> _The problem_
Output each record below exactly. No images go in the copy.

[Data records]
• • •

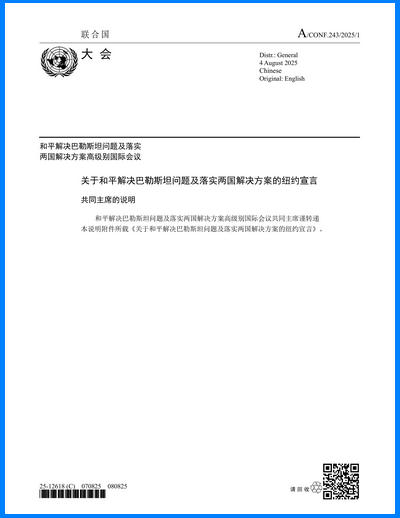 《紐約宣言》是今年7月在聯(lián)合國總部召開的有關(guān)巴勒斯坦問題國際會議產(chǎn)生的一個(gè)成果,該會議由法國和沙特阿拉伯共同主辦,并將于本月下旬繼續(xù)舉行。
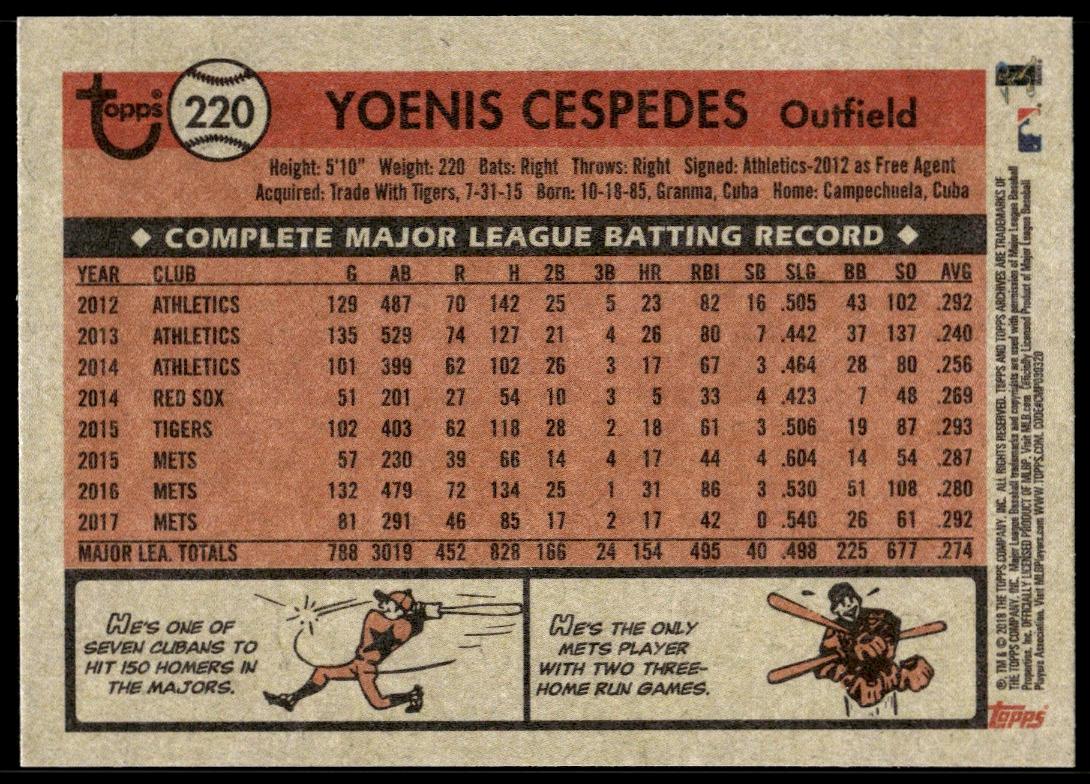 This BaseballΒ card, from 2018 is part of the Topps ArchivesΒ card set. Yoenis Cespedes is featured and has a card number of 220.
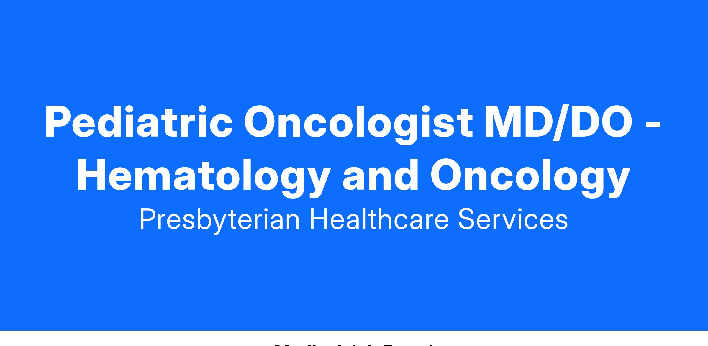 Presbyterian Medical Group seeks a Board Eligible / Board Certified Pediatric Oncologist - Hematology and Oncology to join our established practice in Albuquerque, New Mexico. We're all about well-being, starting with yours. We offer a nationally competitive salary with relocation allowance available, CME allowance and fully paid malpractice insurance.
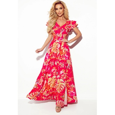 Lidia - dlouhé šaty s výstřihem a volánky na ramenou. Barva: růžová s květy a listy. Materiál: 95% polyester, 5% elastan Kategorie: Dámské květované šaty Střih: Rovný...
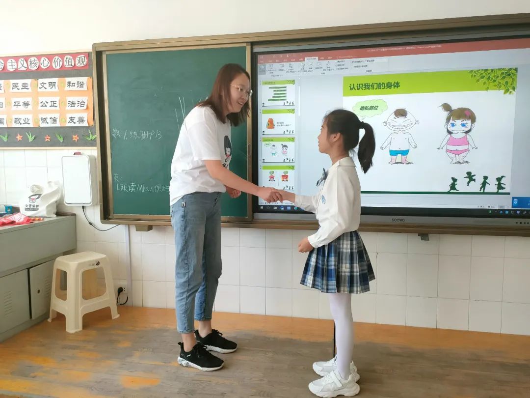 2022年6月1日、2日、7日、9日、21日、23日、24日、28日、30日,女童保护基金个人志愿者讲师张月芹走进山东省济宁市汶上县第一实验小学,为754名孩子讲授了14堂“爱护我们的身体”儿童防性侵课程,并发放儿童防性侵手册儿童版754本和家长版23本。共同参与活动的志愿者还有王晓蝶。
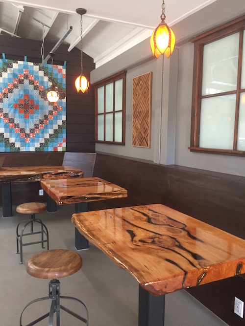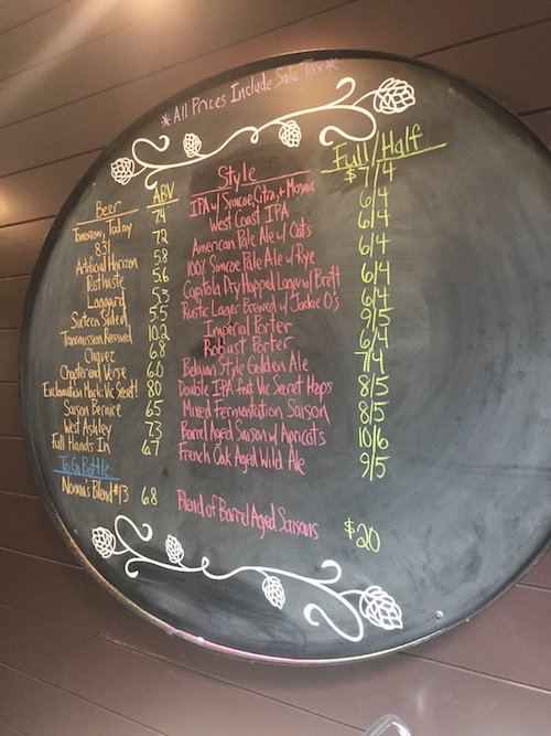 October 3, 2017 – The first customers started arriving just a few hours ago as the “soft opening” of Sante Adairius Rustic Ales‘ new tap room got underway. The long-awaited second location on Water Street in Santa Cruz is much more spacious than the original Capitola tap room, with a warm, homey vibe, 18 taps, bottled beer for sale and a few food items.

• • •

> _Answer section_
 《紐約宣言》是今年7月在聯(lián)合國總部召開的有關(guān)巴勒斯坦問題國際會議產(chǎn)生的一個(gè)成果,該會議由法國和沙特阿拉伯共同主辦,并將于本月下旬繼續(xù)舉行。
 This BaseballΒ card, from 2018 is part of the Topps ArchivesΒ card set. Yoenis Cespedes is featured and has a card number of 220.
 Presbyterian Medical Group seeks a Board Eligible / Board Certified Pediatric Oncologist - Hematology and Oncology to join our established practice in Albuquerque, New Mexico. We're all about well-being, starting with yours. We offer a nationally competitive salary with relocation allowance available, CME allowance and fully paid malpractice insurance.
 Lidia - dlouhé šaty s výstřihem a volánky na ramenou. Barva: růžová s květy a listy. Materiál: 95% polyester, 5% elastan Kategorie: Dámské květované šaty Střih: Rovný...
 2022年6月1日、2日、7日、9日、21日、23日、24日、28日、30日,女童保护基金个人志愿者讲师张月芹走进山东省济宁市汶上县第一实验小学,为754名孩子讲授了14堂“爱护我们的身体”儿童防性侵课程,并发放儿童防性侵手册儿童版754本和家长版23本。共同参与活动的志愿者还有王晓蝶。
 October 3, 2017 – The first customers started arriving just a few hours ago as the “soft opening” of Sante Adairius Rustic Ales‘ new tap room got underway. The long-awaited second location on Water Street in Santa Cruz is much more spacious than the original Capitola tap room, with a warm, homey vibe, 18 taps, bottled beer for sale and a few food items.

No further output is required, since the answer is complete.